=== Begin Enclosure ===

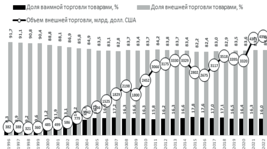
Рис. 1. Динамика торговли товарами РТИ по импорту в 1996-2022 гг.
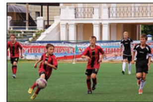
Участие юных рудгормашевцев в первенстве Воронежа по футболу, 2014 год

было пять отдельных видов секций: дартс, перетягивание каната, пенальти, мини-баскетбол и мини-футбол. Турнир также сменил и название — вместо «Здорового духа» теперь он именуется «Здоровое пятиборье». В этом состязании не так ва-
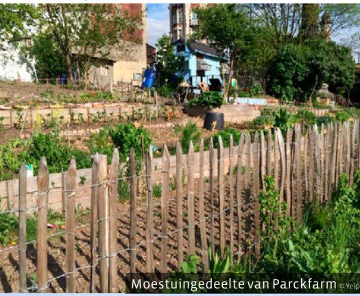
Moestuingedeelte van Parckfarm
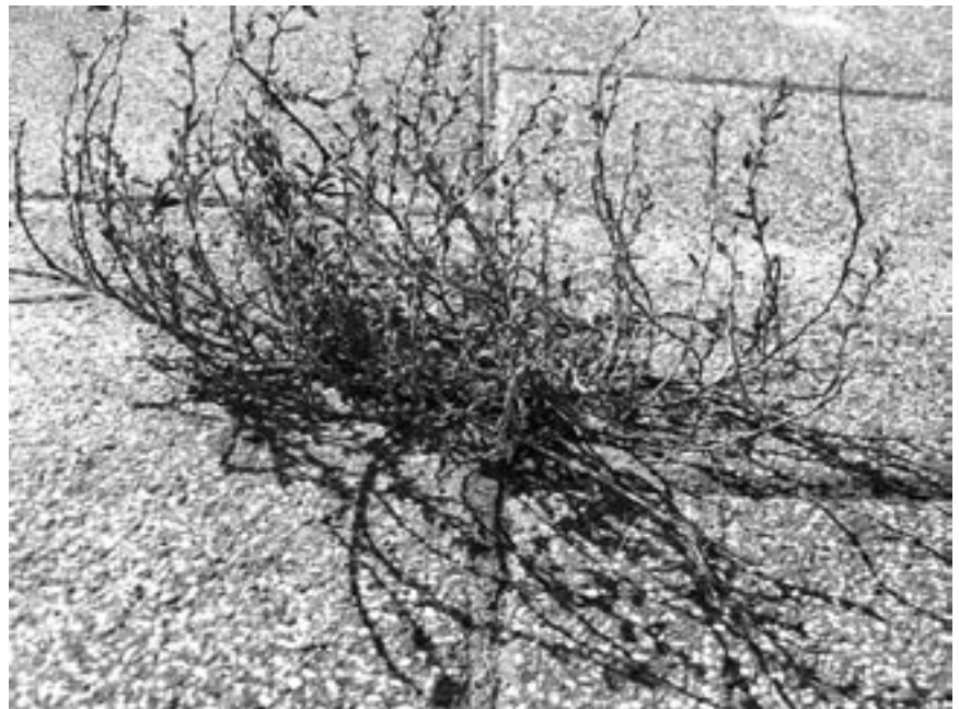
Natuur in de stad Haarlem: tussen de stoeptegels.

Tijdens een kennismakingsgesprek met enkele bestuursleden, merkte ik al snel de betrokkenheid en het enthousiasme van deze mensen. Al met al heb ik in korte tijd ontdekt dat het IVN een club van mensen is die hun kennis van en liefde voor de natuur en het milieu graag met anderen willen delen. Bij het IVN ben je, samen met anderen, actief in de samenleving bezig en dat vind ik ook belangrijk.
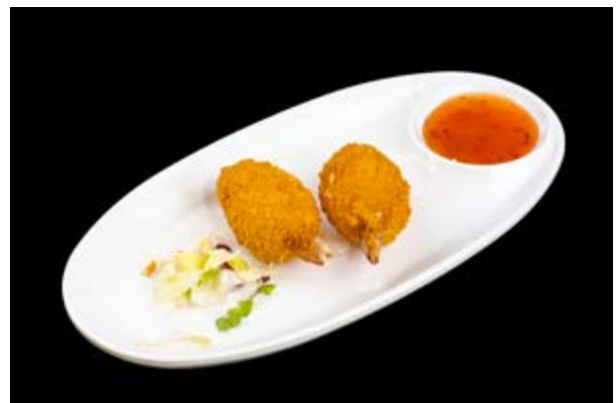
245. Chele di granchio € 5 (1-2)*
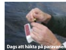
Dags att häkta på paravanan.
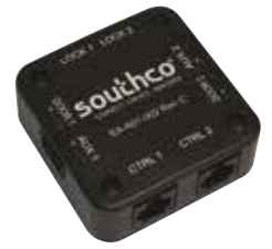
安全系统集成接线盒图纸 (零件编号EA-A01-102)
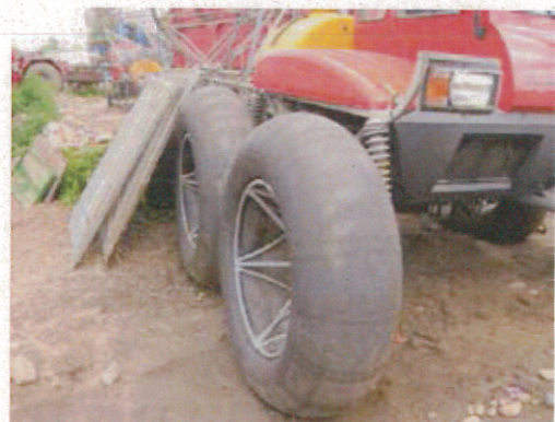
チュウブタイヤを装着した ブームスプレイヤー（時速40km 走行可）
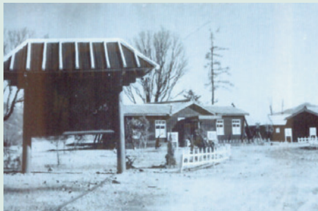
草創時期（民國50年）之場本部。

=== End Enclosure ===

> Directions
Please write out the lines above exactly, from the one that contains "245. Chele di granchio € 5 (1-2)*" through the final line, and include none of the pictures.

> Response box
245. Chele di granchio € 5 (1-2)*
Dags att häkta på paravanan.
安全系统集成接线盒图纸 (零件编号EA-A01-102)
チュウブタイヤを装着した ブームスプレイヤー（時速40km 走行可）
草創時期（民國50年）之場本部。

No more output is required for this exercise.